Este enfoque no elimina la libertad de elección; de hecho, facilita la realización de buenas intenciones.
Si se diseña de forma ética y transparente, empujones Este tipo de cosas podría aumentar significativamente la participación en el ZIS.
El desarrollo de la economía digital está generando nuevos activos y espacios (desde NFT hasta el metaverso) cuyo valor es real y continúa creciendo. Ignorar este espacio significa dejar atrás el potencial de ZIS.

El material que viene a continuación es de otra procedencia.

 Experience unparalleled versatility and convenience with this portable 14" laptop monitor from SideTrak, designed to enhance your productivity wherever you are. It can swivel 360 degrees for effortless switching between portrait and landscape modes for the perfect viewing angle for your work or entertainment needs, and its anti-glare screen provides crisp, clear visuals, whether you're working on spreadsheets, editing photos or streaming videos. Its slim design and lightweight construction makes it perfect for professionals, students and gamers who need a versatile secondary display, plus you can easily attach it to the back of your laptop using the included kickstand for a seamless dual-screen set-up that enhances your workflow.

Las NFT, por ejemplo, pueden ser un instrumento creativo de recaudación de fondos con un mecanismo de regalías continuo para programas sociales. Por supuesto, esta innovación debe ir acompañada de seguridad jurídica y claridad de la jurisprudencia.
La historia islámica muestra que los instrumentos económicos siempre evolucionan con los tiempos, siempre que los valores de justicia y beneficio sigan siendo la base principal.

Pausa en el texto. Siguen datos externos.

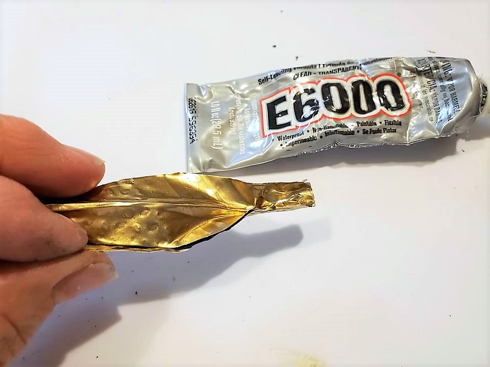 So let’s break it down. I purchased a package of foil baking sheets for a $1.00, I had the piece of wood, piece of radio antenna, gold spray paint, hot glue, E6000 and the bolt. Pretty good. The inspirational piece is $325.00. I can handle mine not being an authentic piece.
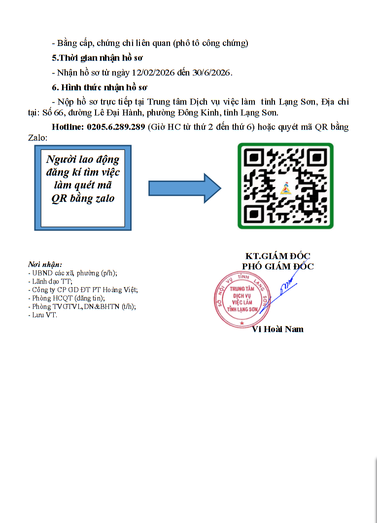 THÔNG BÁO Kế hoạch tuyển chọn lao động Quý I năm 2026 theo Chương trình EPS

Al final, el desafío de ZIS Indonesia no es la falta de tecnología, sino más bien el coraje institucional para cambiar.
La innovación requiere salir de su zona de confort, cambiar su forma de pensar y abrirse a la colaboración intersectorial: gobierno, sector privado, academia y comunidad digital.
Si ZIS quiere ser verdaderamente un instrumento para el alivio de la pobreza y la justicia social, debe existir como un sistema confiable, relevante y adaptable. No sólo digital, sino también con visión de futuro.
Indonesia tiene todos los requisitos para convertirse en un modelo de filantropía islámica moderna en el mundo.
La pregunta ahora es simple: ¿estamos listos para saltar o elegir caminar en el lugar mientras lo llamamos progreso?
*) Ickhsanto Wahyudi actualmente está estudiando doctorado (S-3) en UIN Syarif Hidayatullah Jakarta. A Toha Al Mansur está estudiando Maestría (S-2) en la Universidad Paramadina. Ambos son la Junta Ejecutiva de Estudiantes Islámicos de Indonesia (PB PII) y el Instituto Amil Zakat, Infaq y Shodaqoh de la Independencia de la Ummah (LAZISKU).